Первые десять дней отдыха пролетели незаметно. На высоте, в условиях горного микроклимата, августовская жара почти не утомляла. Но когда мы переехали в Ашхабад… Да, товарищи дорогие, столица пустыни Каракум (в переводе с туркменского «чёрный песок»), жаркое дыхание которой мы ощущали постоянно, оправдывала своё название: в небе — почти никогда не заслоняемое облаками солнце; на земле — раскалённый асфальт и выхлопы тысяч автомобилей, снующих по городу. Разместили нас в гостинице «Турист», мы с Ринатом поселились вместе. От жары в номере спасал кондиционер.
За пару-тройку дней мы изучили столицу советской Туркмении — зелёный, уютный, небольшой городок с широкими современными улицами. Особой старины мы там не увидели: жестокое землетрясение 1948 года полностью стёрло город с лица земли, и столицу отстроили заново, стилизовав архитектуру новых зданий под восток.
История Ашхабада, как и многих других городов Средней Азии, начиналась с укреплённого поселения, возведённого русскими в XIX веке. Позже оно утратило своё оборонительное значение, превратившись в захолустье. Новую жизнь вдохнуло строительство железной дороги. Город стал бурно развиваться. Приехало много людей из Средней Азии, и из России. А когда была образована Туркменская ССР, Ашхабад стал её столицей. В 1910 году там была похоронена великая Вера Комиссаржевская, умершая от чёрной оспы, эпидемия которой, к несчастью, пришлась на время её гастролей. Могила великой русской актрисы стала местной достопримечательностью, несмотря на то, что позже прах Комиссаржевской перезахоронили на родине, в Тихвине.
Мы побывали на грандиозном, полном изобилия городском Текинском рынке с незабываемыми развалами шикарных туркменских дынь. На фабрике ознакомились, как вручную ткутся знаменитые восточные ковры: искреннее восхищение вызывали отточенные, доведённые до автоматизма движения рук вязальщиц узелков.

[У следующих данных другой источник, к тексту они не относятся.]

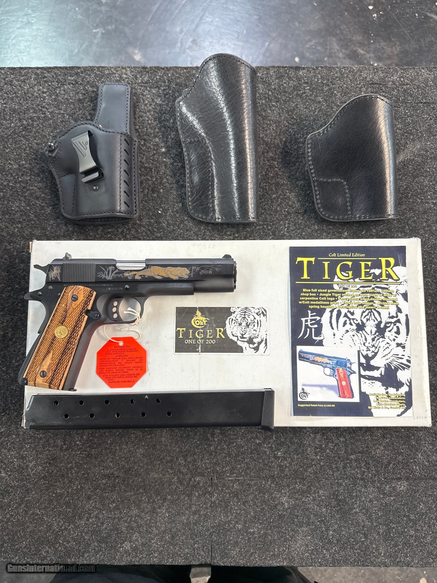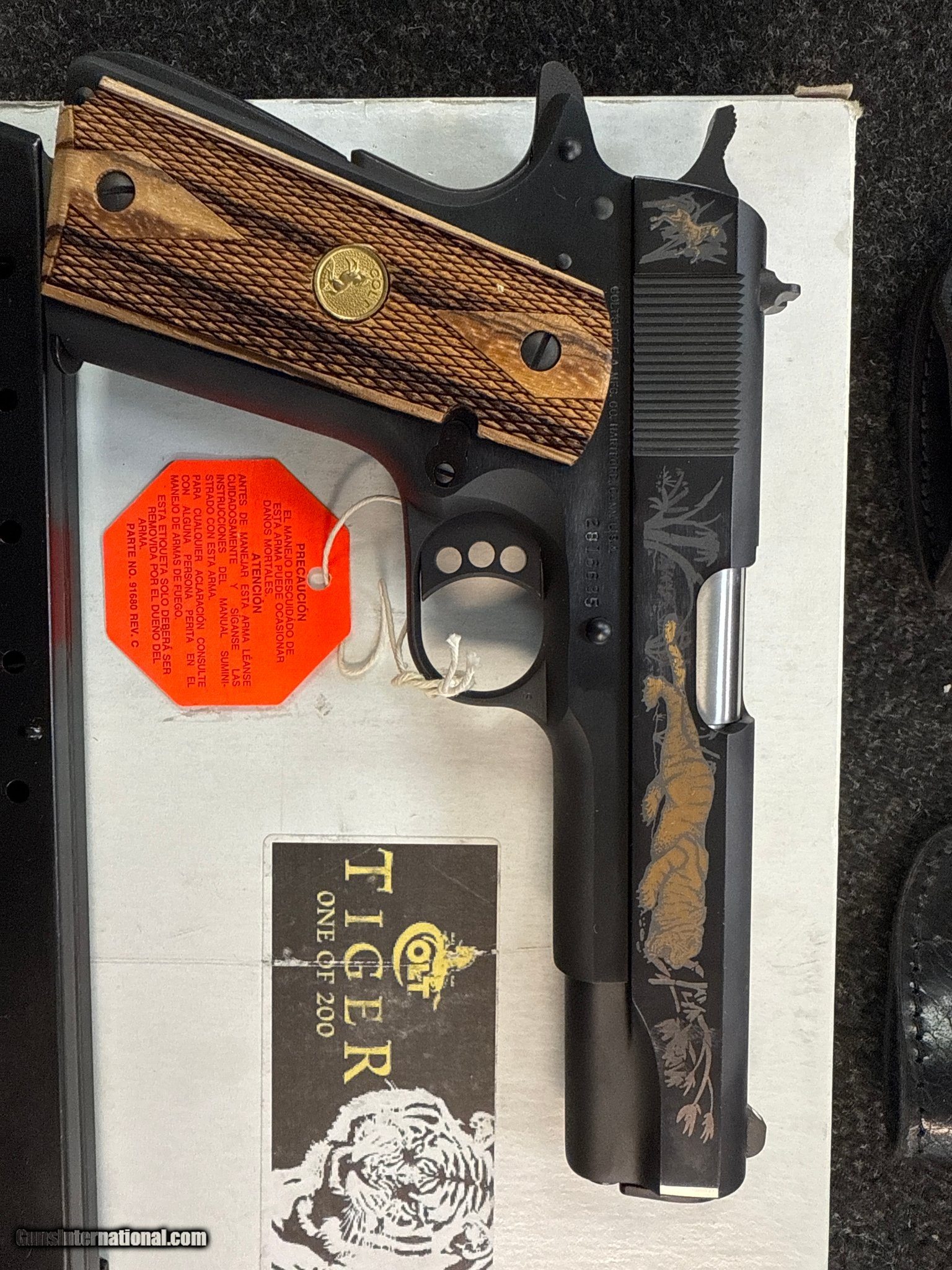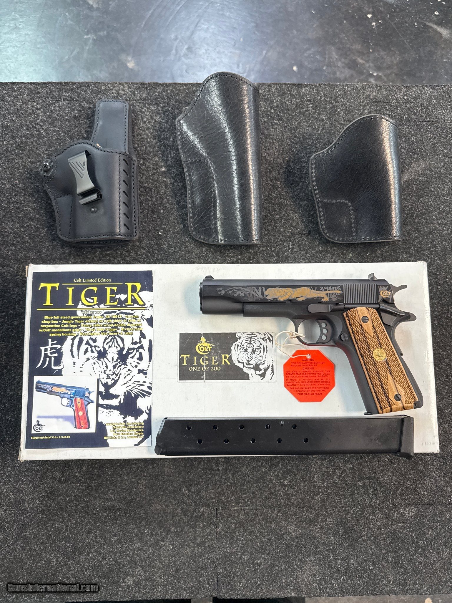 Description: Guns Listing ID: 479340 VERY RARE TALO COLT! HARD TO FIND! COMES WITH TWO 7 ROUND MAGAZINES ONE 15 ROUND EXTENDED MAGAZINE TWO OWB LEATHER HOLSTERS ONE IWB LEATHER HOLSTER INSTAGRAM: JRCUSTOMFIREARMZ serial #2816635, 45 ACP, 5" barrel with an excellent bore. In 2005 Colt produced a mere 200 of these lightly adorned pistol for Talo Distributors. This gun remains as new in-the-box with 99% plus original blue. The grips are special factory double diamond Tiger wood stocks featuring gold Rampant Colt medallions and rate excellent. This gun has high visibility three dot sights, three hole long trigger, arched mainspring housing, and appears to function mechanically. Both sides of the slide have an etched gold filled crouching tiger with non-filled etching in the background depicting a jungle scene, the left side has a gold filled etched serpentine Colt logo with the large stylized “C", while the right side has a simple gold filed etched Rampant Colt. This lovely pistol includes a Custom Shop two-piece cardboard box with shipping sleeve that is correctly end labeled and numbered to the gun, there is a surcharge on the shipping sleeve identifying it as the “tiger" edition and one of 200, a pair of factory seven-round magazines, unused Colt marked cable lock with a pair of keys, manual, and paperwork. With only 200 produced it is sure to command considerable interest. SOLD Manufacturer: COLT Model: 1911 GOVERNMENT TIGER Caliber Info: .45 ACP Condition: Used - Non-Certified Barrels: 5 BARREL Finish: blue |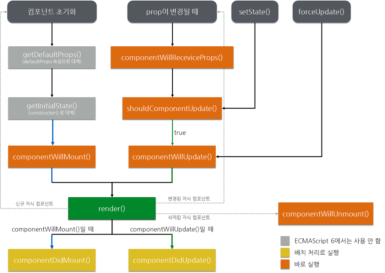 이 작업은 고비용 작업이기 때문에 componentWillMount() 메서드와 componentDidMount() 메서드에서 state를 변경하는 것에 대해서 고민해야 한다. 만약 componentWillMount() 메서드에서 state를 변경해야 한다면 컴포넌트의 생성자에서 처리하는 것이 좋다. 그리고 componentDidUpdate() 메서드에서 Virtual DOM을 갱신한다면 무한 루프에 빠질 수 있으니 조심해야 한다.

На центральной площади города мне очень понравился первый в Средней Азии памятник Ленину, возведённый вскоре после его смерти. Восхитило не само изваяние вождя — оно было маленьким и незапоминающимся — а постамент, выложенный плиткой, повторяющей орнамент туркменских ковров. Позже, после развала Советского Союза памятник Ленину демонтировали, а его место заняла огромная статуя первого президента Туркменистана Сапармурата Ниязова-Туркменбаши, которую отлили из золота. «Алтын-президент», указуя царственной десницей на солнце, двигался вместе со светилом, благодаря особому механизму.
Помимо экскурсий по городу, нам показали руины бывшей столицы древнего Парфянского царства и подземное Бахарденское озеро. Однако, где бы мы ни были, нас безжалостно иссушало «белое солнце пустыни». А в окна гостиницы заманчиво глядели зубцы гор Копетдага, постоянно напоминая нам, как было комфортно в Фирюзинском ущелье. О-хо-хо… И у нас с Ринатом возникла мысль сходить в горы, освежиться.

2

И вот ранним утром, часиков в пять мы двинулись в южном направлении, в сторону манящих гор, надеясь дойти до заветной цели часа за полтора-два, пока не началось пекло. Интересно, что горная цепь вставала прямо из равнины полупустыни — смена характера местности была очень резкой.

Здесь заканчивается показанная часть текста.